** DIRECTIONS **
Copy verbatim the span of lines beginning at the line that contains "وی با اشاره" and ending with the final line of the data. Exclude pictures from the copy.

Stored entries:
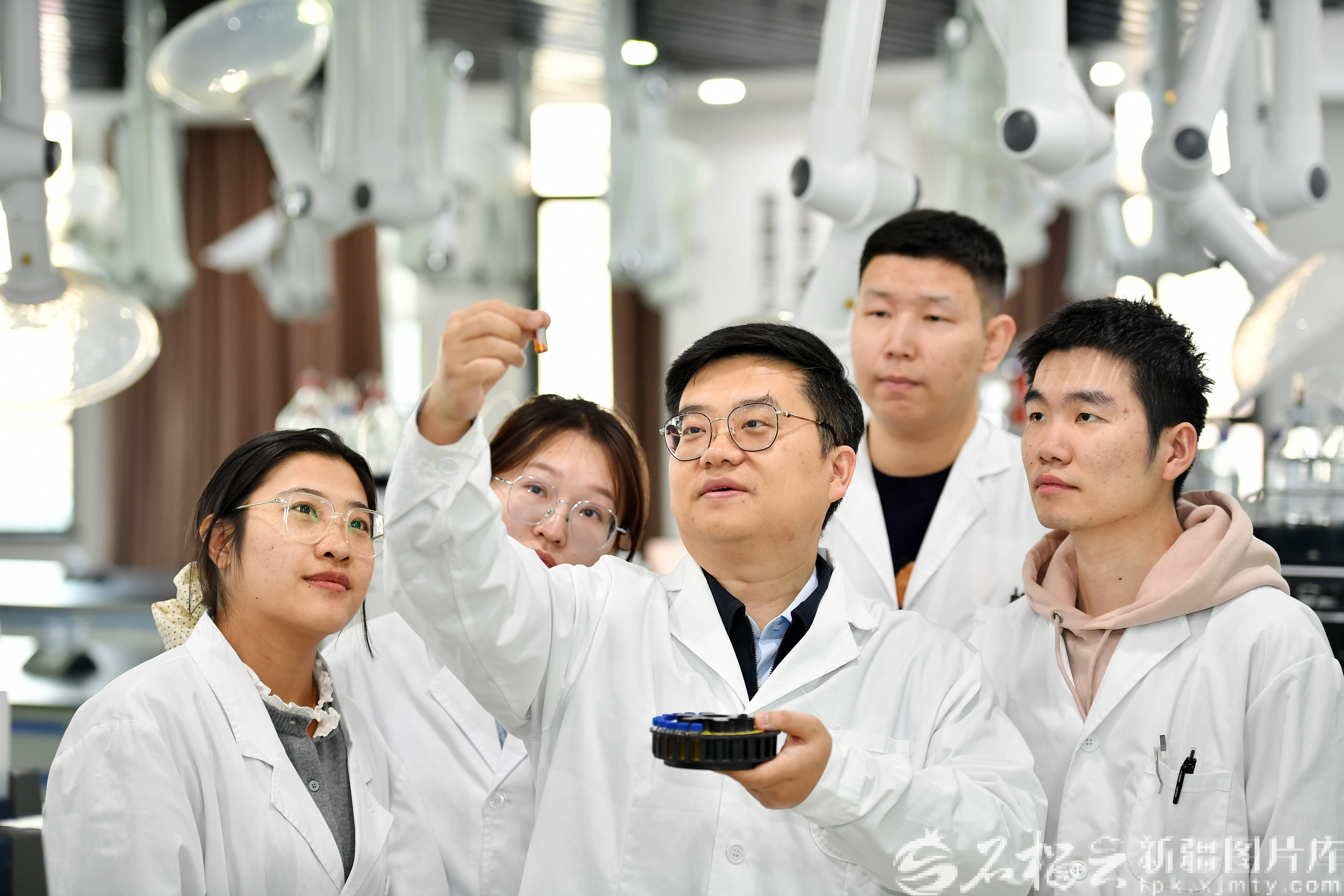 1月21日,李柯翱指导实验室工作人员做实验。
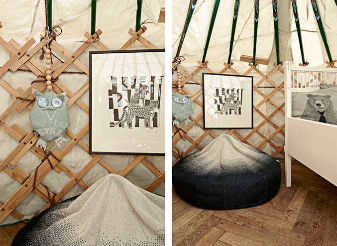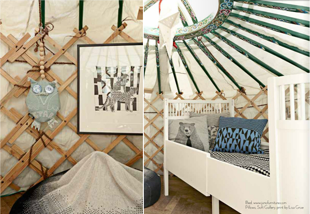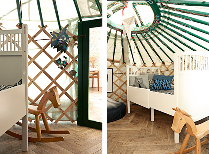 On avait déjà vu les tipis, les tentes, les cabanes dans les chambres de nos haricots… mais c’est bien la première fois que nous voyons une Yourte. Elle est plus intime qu’un lit cabane, et plus spacieuse qu’une tente, elle apporte une nouvelle dimension qui feraient de nombreux heureux ! C’est L’illustratrice Lisa Grue qui a eu cette idée brillante. Déjà connue pour son travail d’artiste/illustratrice souvent encadré dans les chambres de nos haricots et visible dans de nombreux magazines de décoration. Son idée a donc été d’installer l’habitat traditionnel des nomades mongols dans une chambre d’enfant pour une incroyable invitation au rêve et au voyage. « Une tente comme celle-ci stimule encore plus l’imagination de Mika” explique Lisa Grue en parlant de son fils qui vit au cœur de Copenhague.
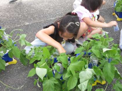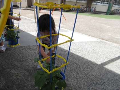 アサガオがとても大きくなりました。子どもたちの背丈ほど伸びているものもあります。そこで、一人一人が支柱を立てました。アサガオと背比べをして「こんなに大きい!」と喜ぶ声が聞こえました。
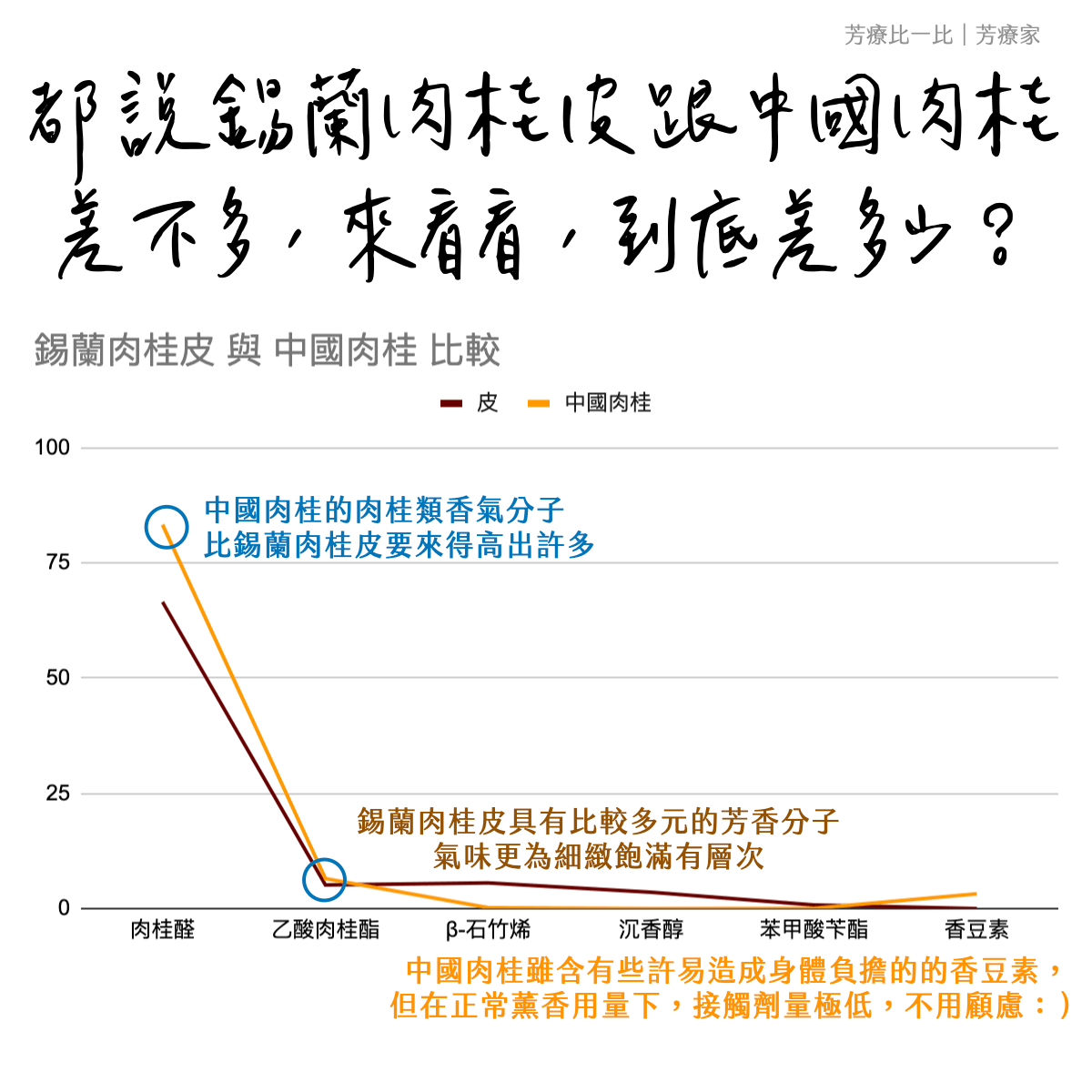 肉桂皮是包圍植物木質的部位,如果希望有被溫暖圍繞的感覺時,肉桂皮會帶來很好的幫助。印象中咖啡與甜點使用的肉桂粉,就是肉桂皮的氣味,另外一個肉桂枝的香氣則比較像丁香,枝是植物往外生長的部位,肉桂枝香氣相比起來較為清爽透利,如果有想驅散鬱寒的時候,可以考慮肉桂枝。或者以氣味偏好來挑選適合的香氣即可:)
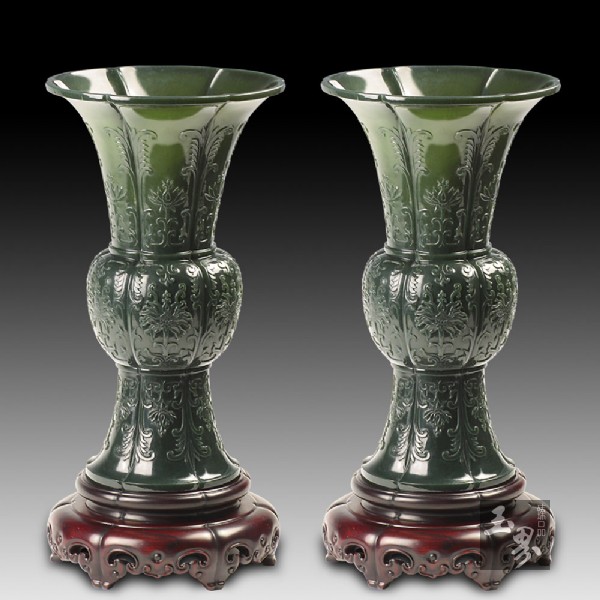 該作品玉質溫潤細膩、凝脂光潔,設計獨到、新穎別致,器型優美,輕薄通透,古樸典雅、端莊大氣。整器帶有濃郁的痕都斯坦風格,可稱得上集尊貴典雅與文化時尚于一體,彰顯了玉雕藝術的獨到魅力。 青玉-貢品五件套規格:燭臺:高37CM,中臺直徑18CM,底部直徑14CM,重量1440克。花觚:高26CM,直徑5.5CM,重量1008克。爐:高27CM,直徑26CM,重量2040克。
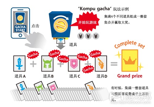 Kompu gacha简称gacha,对玩家进行的是更深层次的物质刺激。玩家并非只是花钱获得额外的道具或商品,kompu gacha还为集齐整套道具的玩家提供丰厚的奖励。据《读卖新闻》报道,集齐整套道具需要尝试数百次,耗费数十万日元。尽管这种机制看上去是种相当良性的激励方案,而且日本社交游戏公司越来越专注于通过kompu gacha来增加盈利,但消费者事务局却发现有关这项机制的抱怨极剧攀升。
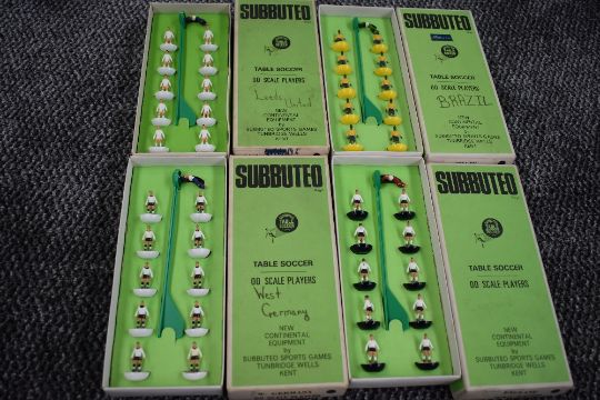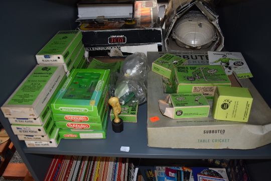 A shelf of mixed vintage Subbuteo including eleven early complete teams, Newcastle , Crystal Palace, Liverpool, W.Germany, England, Leeds, Brazil, Wolves, AC Milan, Blackpool and Alloa, later teams Manchester United, Liverpool 2nd and England, accessories etc along witha Table Cricket part set, all boxed
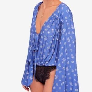 Free People Forties Printed Bell-Sleeve Bodysuit Medium
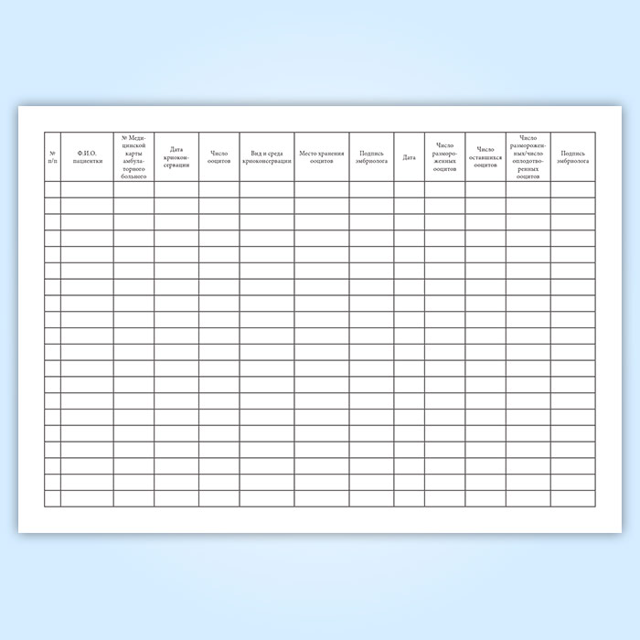 Журнал учета, хранения и использования криоконсервированных ооцитов пациенток в Бердске купить
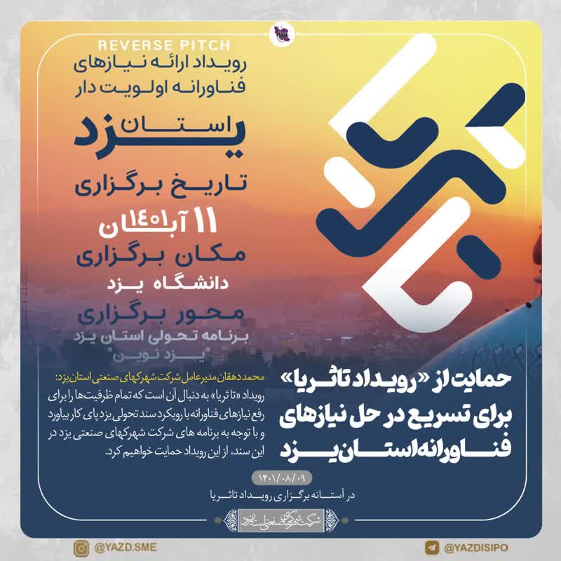 وی با اشاره به برگزاری این رویداد در آبان ماه سال جاری عنوان کرد: تا ثریا می تواند به تکمیل زنجیره سرمایه گذاری استان در حوزه فناوری های نو کمک کند و با توجه به اهمیت موضوع و برای شتاب توسعه استان بر اساس سند یزدنوین، از سرمایه گذارانی که علاقه مند به سرمایه گذاری در استان یزد هستند دعوت میکنم در این رویداد نقش آفرین باشند.
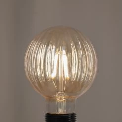 E27-LED-Lampe in G95-Globeform mit amberfarbener OberflĂ€che und Rillenstruktur, dimmbar, CRI > 90 – in praktischem 5er-Set
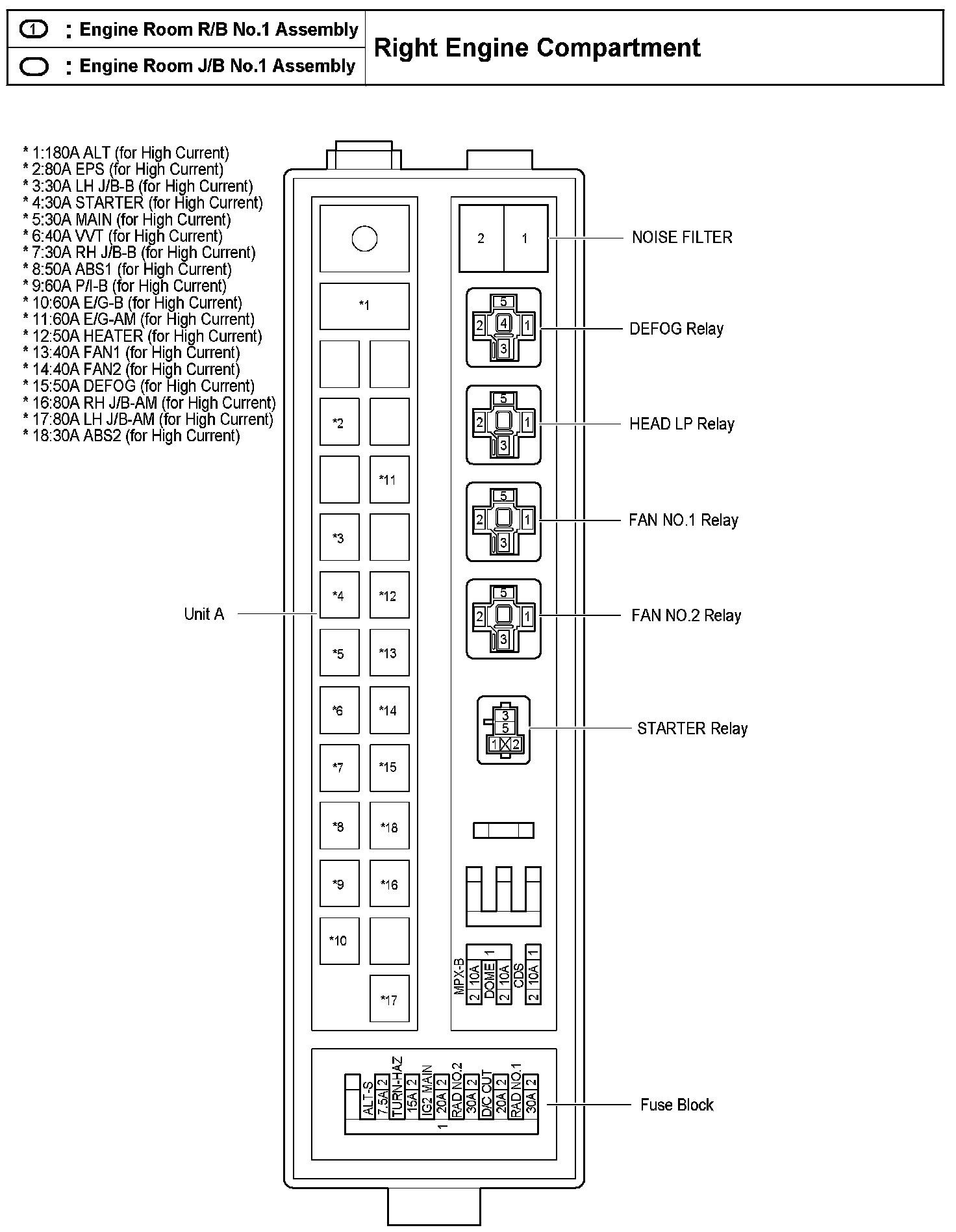 Engine Room R/B, J/B No.1 Assembly - Right Engine Compartment:

** TASK RESULT **
 وی با اشاره به برگزاری این رویداد در آبان ماه سال جاری عنوان کرد: تا ثریا می تواند به تکمیل زنجیره سرمایه گذاری استان در حوزه فناوری های نو کمک کند و با توجه به اهمیت موضوع و برای شتاب توسعه استان بر اساس سند یزدنوین، از سرمایه گذارانی که علاقه مند به سرمایه گذاری در استان یزد هستند دعوت میکنم در این رویداد نقش آفرین باشند.
 E27-LED-Lampe in G95-Globeform mit amberfarbener OberflĂ€che und Rillenstruktur, dimmbar, CRI > 90 – in praktischem 5er-Set
 Engine Room R/B, J/B No.1 Assembly - Right Engine Compartment:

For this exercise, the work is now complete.